In another implicit yet unmistakable reference, this time addressing the Supreme Court’s own checkered history, the majority overruled the court’s infamous decision in Korematsu. During the presidential campaign, in an exchange that drew substantial attention, then-candidate Trump was distressingly coy when asked whether he would have supported the internment of Japanese-Americans during World War II. But here, Roberts labeled the internment “morally repugnant” and pronounced the court’s decision in Korematsu as “gravely wrong” then and now. Roberts cited Justice Robert Jackson’s dissent, which averred that the internment had “no place in law under the Constitution.”

Justice Kennedy’s concurrence dovetailed with these themes, noting succinctly that the “oath that all officials take to adhere to the Constitution is not confined to those spheres in which the Judiciary can correct or even comment on what those officials say or do.” For Kennedy, that absence of judicial oversight made it “all the more imperative” that each official “adhere to the Constitution and to its meaning and its promise.” Kennedy’s concurrence left little doubt that he would have been inclined to be more specific about Trump’s rhetoric had he occupied a different role.

The Supreme Court’s plea for civility is only dicta, to be sure.
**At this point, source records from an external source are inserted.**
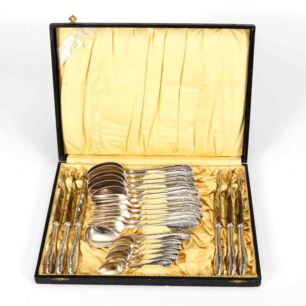 6 Messer, 6 Gabeln, 6 Esslöffel, 6 Kaffeelöffel, 1 Gemüselöffel. Runde Form mit floralem Reliefrand, alle Löffel monogrammiert "HL". Minimale Gebrauchsspuren.
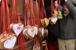 BHM_Kirchweihherzerl.jpg: Die süßen Lebkuchen-Herzerl des Volksmusikarchivs sind eine beliebte Erinnerung an den Kirchweihmontag. © Bezirk Oberbayern, Archiv BHM, Aufnahme: Gerhard Nixdorf.
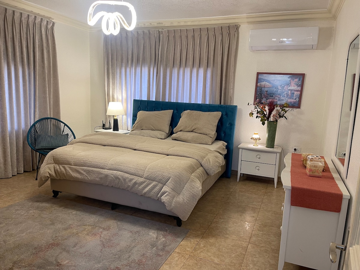 Diese Wohnung bietet alles für einen erholsamen Aufenthalt, einschließlich eines privaten Eingangs für zusätzliche Privatsphäre und einer schönen Terrasse, auf der du deinen morgendlichen Kaffee oder Sonnenuntergang genießen kannst. Die Wohnung ist gut eingerichtet, mit zwei gemütlichen Schlafzimmern, einem hellen Wohnbereich, einer voll ausgestatteten Küche und modernen Annehmlichkeiten, um deinen Aufenthalt angenehm zu machen. Unsere Unterkunft liegt nur wenige Minuten von lokalen Cafés, Restaurants und der einfachen Anbindung an die wichtigsten Sehenswürdigkeiten in Amman entfernt und bietet die perfekte Mischung aus Komfort und Bequemlichkeit.
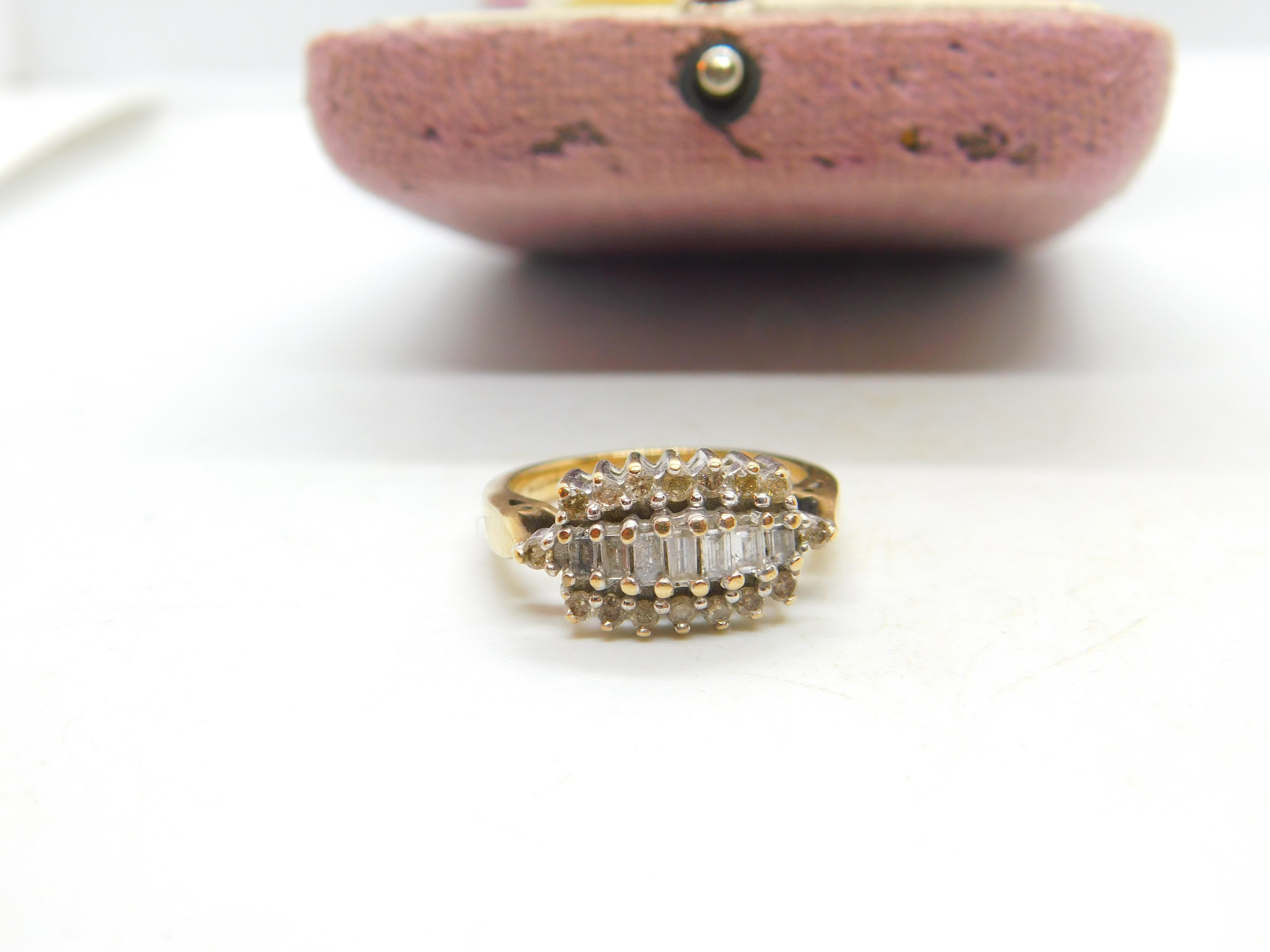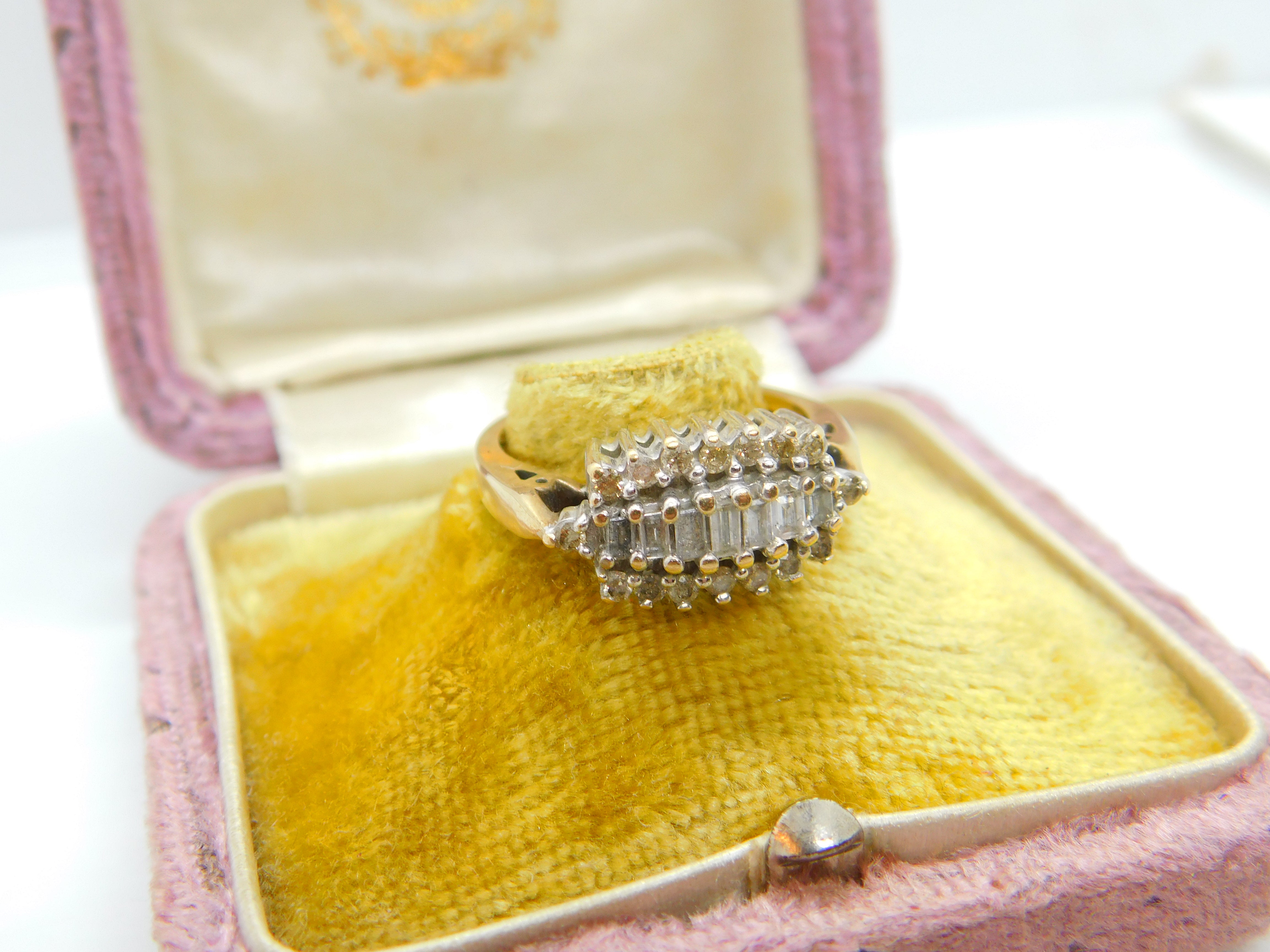9ct Yellow Gold & 0.5ct Baguette Cut Diamond Modernist Ring Vintage c1980

It does not compensate for the majority’s failure to recognize that EO-3 clashes with the INA. Nor does it concretely assist U.S. citizens and lawful permanent residents hoping for reunification with family members from countries covered by the travel ban. However, as Leah Litman has noted, the court’s words reinforce that constitutionalism is ultimately a job for the people themselves.


Peter Margulies is a professor at Roger Williams University School of Law, where he teaches Immigration Law, National Security Law and Professional Responsibility. He is the author of Law’s Detour: Justice Displaced in the Bush Administration (New York: NYU Press, 2010).